Krokenberger first came to the Island in the 80s when she was in college. She came back after finishing school and worked at Martha’s Vineyard Hospital as a traveling nurse. After getting married, Krokenberger and her husband eventually bought a home in 1996. Originally summer people, Krokenberger and her husband began staying on the Island longer and longer each year. For the past two years she’s split time between her home in Katama and her home in Florida.

“I fell in love with the Island,” Krokenberger said. “This is what feels like home to us.”

Wanting to avoid the summer crowds during the pandemic, Krokenberger and her husband decided to stay at their home in Florida through the summer before coming to the Island at the end of August.It was during this time that Krokenberger began reading about the TestMV site and the free testing it was offering people on the Vineyard. “I thought, you know, let me just see if they need any help. When I got here I thought, I have the skill set, I’d love to help out and get involved with something that has to do with this pandemic,” she said.

By the beginning of September, Krokenberger was helping test the Island. She began by volunteering two days a week for half day shifts, now she’s up to three days a week at the testing site which has conducted more than 26,000 tests.

Krokenberger is no stranger to volunteering — she has volunteered at her children’s schools, a clothing donation center, at her church, and at a health center run by her church.

When she first started at the TestMV site, Krokenberger said there were gaps between cars driving up to get tested. It wasn’t until around October that things got busy. Now each day it’s mostly one car after another — which Krokenberger said is a great sight to see, so many people getting tested.

“Everyone is just so thankful that we’re there … so many people thank us for volunteering and are so appreciative that we’re there. It’s just a really good feeling that I can be there to help,” Krokenberger said. “People let me know they appreciate it. That makes me want to do it even more.”

The longer Krokenberger has helped out at TestMV the more she’s realized how much of an asset the testing site — which tests asymptomatic individuals — is to the Island.

“Living in Florida, I know it’s not half as easy to get testing and people oftentimes have to pay for it if they’re not insured,” she said. “We’re really blessed to have this here.”

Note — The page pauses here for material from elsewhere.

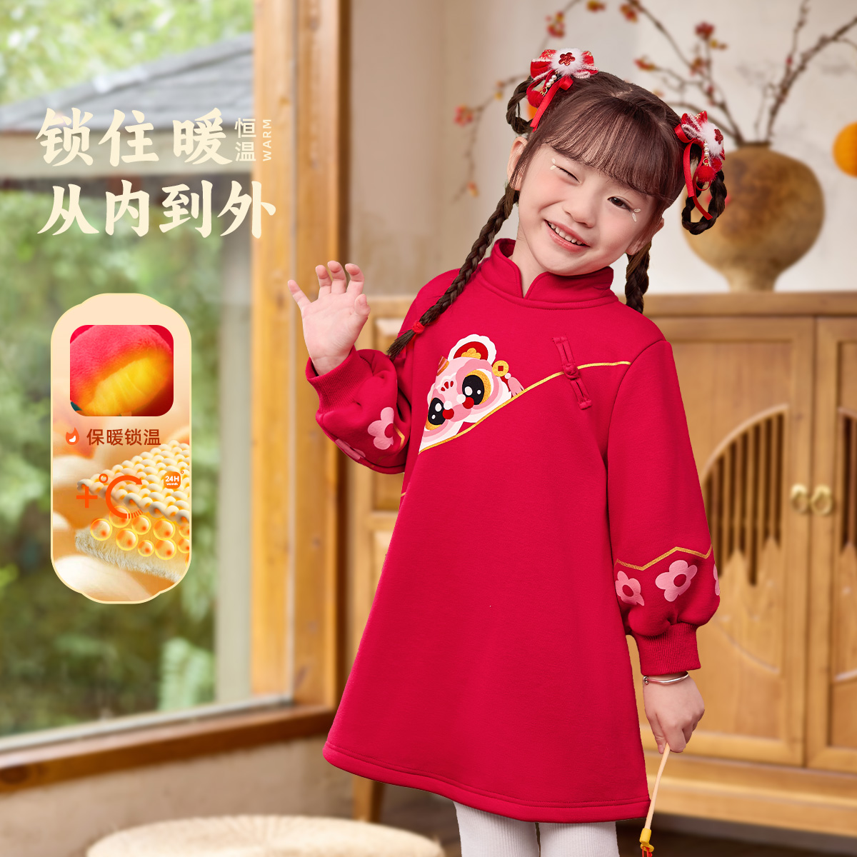 女童裙子新年款冬季宝宝公主裙婴儿拜年服红色儿童连衣裙过年衣服

Krokenberger is also grateful she is able to help out. “It’s a great feeling to be able to give back and hopefully make a difference here on the Island because the whole goal is for people to keep getting tested, keep the numbers down, and stay on top of it,” she said. 

For now, Krokenberger is planning to stay on-Island and volunteer until the end of January, but the comfort of Island life might keep her into the winter. “Martha’s Vineyard is doing a really good job at enforcing wearing masks and I think the people who live here are very compliant and I think people are very courteous and thoughtful of other people,” she said.

With more COVID-19 vaccine doses on the way for more members of the public, Krokenberger said she would be happy to help administer doses. “If I come back in May maybe it will just become available to the public at that point and then I would definitely volunteer again to do that,” she said.

She encouraged anyone interested in volunteering for TestMV to reach out and see if there’s a spot they can fill, especially with people leaving as winter is well underway.

It’s been a pleasure for Krokenberger to volunteer and the response from the community and her fellow volunteers has made the work even more enjoyable. Two weeks ago, on a particularly cold day and before heaters had been set up, a woman getting tested noticed the volunteers and staff were jumping up and down to stay warm. The woman came back to the testing site with a bag of hand and feet warmers.

“People have been dropping off coffee and cookies and candy,” she said. “Today, someone came in with all these little coffee cups filled with little chocolates and lottery tickets in every single one of them .. .the community has really backed us up and that makes it so much easier.”